For Saudi Crown Prince Mohammed bin Salman, the soccer team’s defeat of Argentina caps a triumphant moment on the world stage. The controversial royal was given pride of place at the World Cup’s opening ceremonies. He was spotted there wearing a maroon Qatari scarf during the host nation’s defeat to Ecuador — an act of fraternal support that would have stunned onlookers only a few years ago when Saudi Arabia led a regional boycott and blockade of Qatar. On Tuesday, the enthusiasm of the crown prince for Qatar’s World Cup was reciprocated by the Qatari emir, who waved a Saudi flag in the stadium as the Saudis scored their win.

 

The crown prince has been mending other fences, too. He was all smiles in Bali for the leaders summit of the Group of 20 major economies, glad-handing with Turkish President Recep Tayyip Erdogan and Indian Prime Minister Narendra Modi. He also appeared at the U.N. Climate Conference in Egypt and the summit of APEC nations in Bangkok.
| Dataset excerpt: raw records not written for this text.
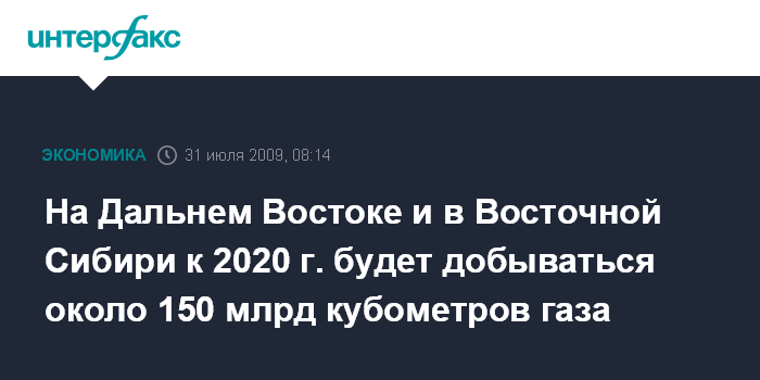 Москва. 31 июля. INTERFAX.RU - К 2020 г. на Дальнем Востоке и в Восточной Сибири будет добываться около 150 млрд кубометров газа в год, заявил в пятницу премьер-министр РФ Владимир Путин.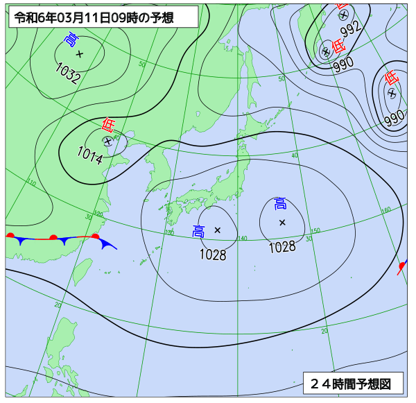 明日は、高気圧に覆われて晴れますが、気圧の谷の影響で夕方からは曇り、夜は雨が降るでしょう。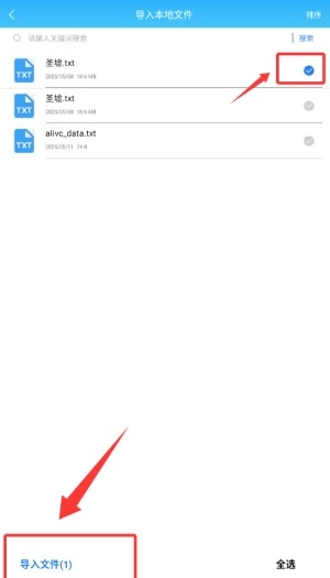 2、进入后选择要导入的书籍,点击导入文件。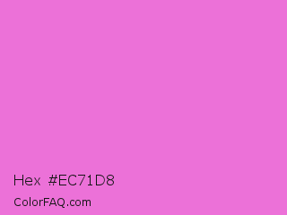 Hex #ec71d8 Color is a light magenta color and the nearest color is Orchid #da70d6. Hex code #ec71d8 and RGB value is rgb(236,113,216). In RGB color space, this color is composed of 93% red, 44% green, 85% blue, In CMYK color space, this color is composed of 0% cyan, 52% magenta, 8% yellow , 7% black , In HSL color space, this color has a hue angle of 310° , 76% saturation and 68% lightness.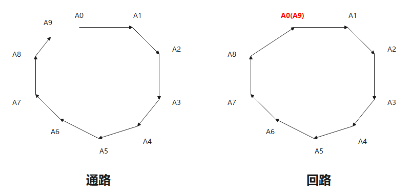 左侧是通路,右侧是回路,区别就是回路的起点和终点是重合的。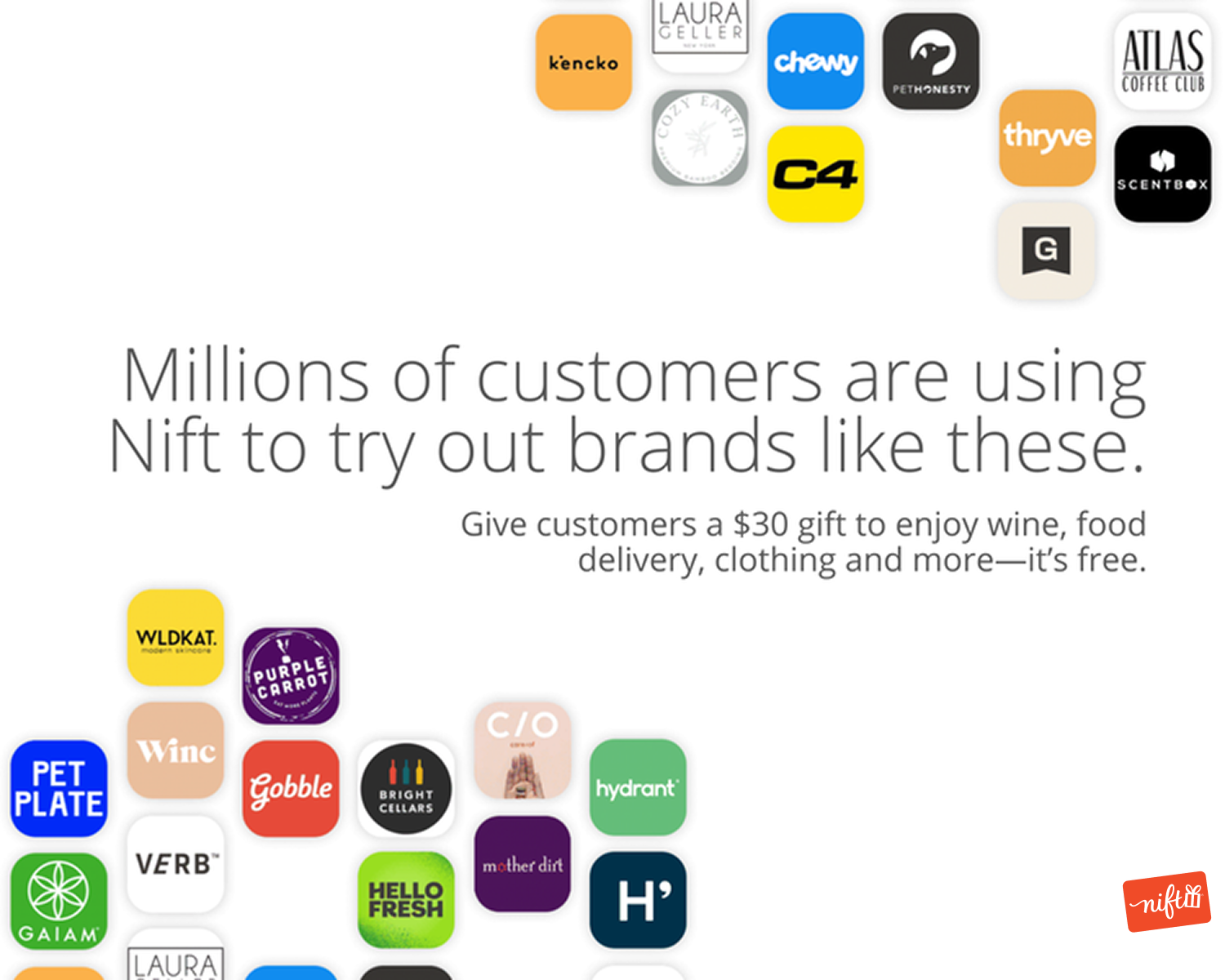 Businesses like Gaiam and Hello Fresh, trust Nift’s matchmaking technology to bring them the right new customers—people who are more likely to return. That’s why they cover the full cost of Nift gift cards.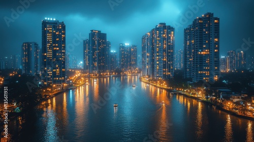 © NhV, Obraz premium a city with lights and a reflection of a body of water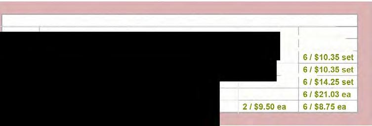 12 / $4.60 ea 12 / $4.40 ea12 / $4.50 ea12 / $5.50 ea 12 / $5.60 ea6 /$7.45 ea ,-24 / $2.55 ea 12 / $5.80 ea 12 / $6.50 ea 6 / $21.40 ea 1139-6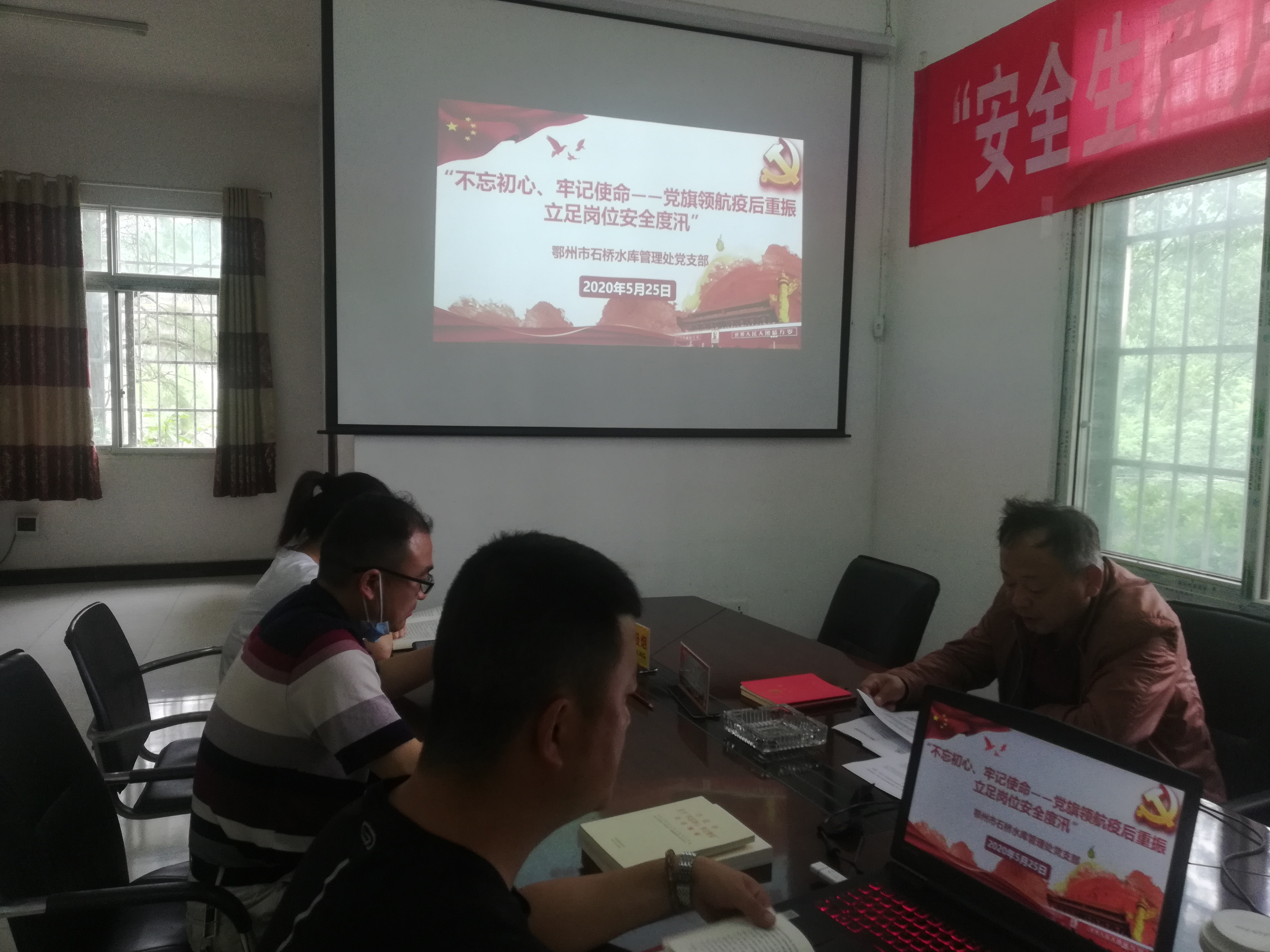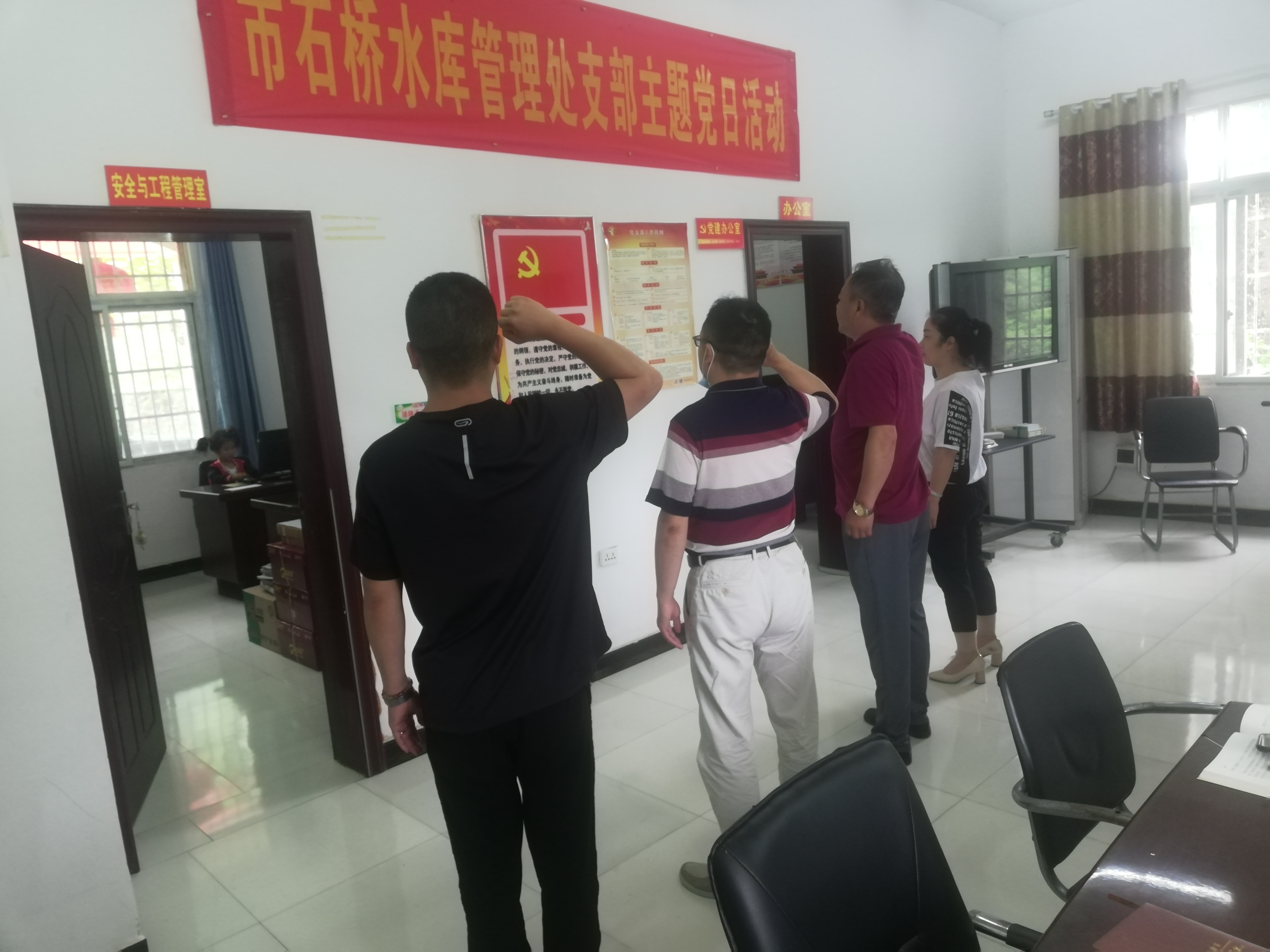 市石桥水库管理处党支部5月份“不忘初心、牢记使命——党旗领航疫后重振立足岗位安全度汛”主题党日活动

The latter trip marked a restoration of Thai-Saudi relations after a deep freeze provoked by a cinematic 1989 jewelry heist carried out by a Thai worker in a Saudi palace that was followed mysteriously the next year by the murders of three Saudi diplomats in Thailand.

The crown prince has already withstood global opprobrium over his alleged masterminding of the 2018 abduction and grisly execution of Saudi journalist and Washington Post contributor Jamal Khashoggi. In the summer, he called on French President Emmanuel Macron and a number of other European leaders. He also received President Biden on his home soil with a fist-bump, a meeting that made absurd Biden’s campaign trail proclamation that Riyadh would be turned into a “pariah” under his watch. And last week, the Biden administration told a judge to confer sovereign immunity on the crown prince in a civil case over his role in Khashoggi’s killing.

Combined with Riyadh’s enduring influence over global energy markets, the state of play shows the youthful crown prince’s strong hand. It also underscores the ongoing difficulties faced by those in Washington who hope to pivot U.S. policy in the region away from the Saudis.

“The United States tried to limit the kingdom’s importance and role regionally and internationally, but it found first that this goal was unachievable and second that it harmed its own interests,” Abdulaziz al-Sager, chairman of the Gulf Research Center in Jeddah, told Reuters. “So there’s a process of American retreat from taking negative positions towards the kingdom.”

Saudi Arabia fans celebrate after a goal by midfielder Salem Al-Dawsari against Argentina at Lusail Stadium in Qatar on Tuesday. (Jabin Botsford/The Washington Post)

Saudi Arabia fans celebrate after a goal by midfielder Salem Al-Dawsari against Argentina at Lusail Stadium in Qatar on Tuesday. (Jabin Botsford/The Washington Post)

Photos depicted the crown prince cheering the Saudi victory at home in Riyadh. The good vibes in the kingdom are bound to continue through the tournament, with huge throngs of Saudi fans turning up in Qatar. Earlier precedents suggest that even if Saudi Arabia loses their remaining games, its stunning upset over Argentina will be cast in stone. The history of the World Cup is replete with losing darlings, from the rampaging North Korean side that charmed the English public in 1966 to Senegal’s debutants in 2002 who defeated France, the former colonial ruler, in its first World Cup game.

The Saudis are on track to enjoy a tournament that’s right next door with none of the heightened scrutiny that Qatar has had to weather for hosting the World Cup. But it’s unclear how much soft power this Saudi team can muster for their crown prince.

No matter its unheralded players, Saudi Arabia already plays an outsize role in the global game. Saudi sovereign wealth pulls the strings at Newcastle United, a popular English Premier League club now effectively controlled by an oil-rich, human rights abusing regime. And the crown prince seems poised to bid for the 2030 World Cup, inviting the same scorn and criticism that Doha did when it won its bid in 2010. In this latest public relations offensive, Riyadh may have an unlikely ally: Argentina’s Messi, who reportedly inked a lucrative sponsorship deal to help tout the crown prince’s “Vision 2030” campaign for the kingdom. Like so much revealed at the World Cup, it’s a sign of the times.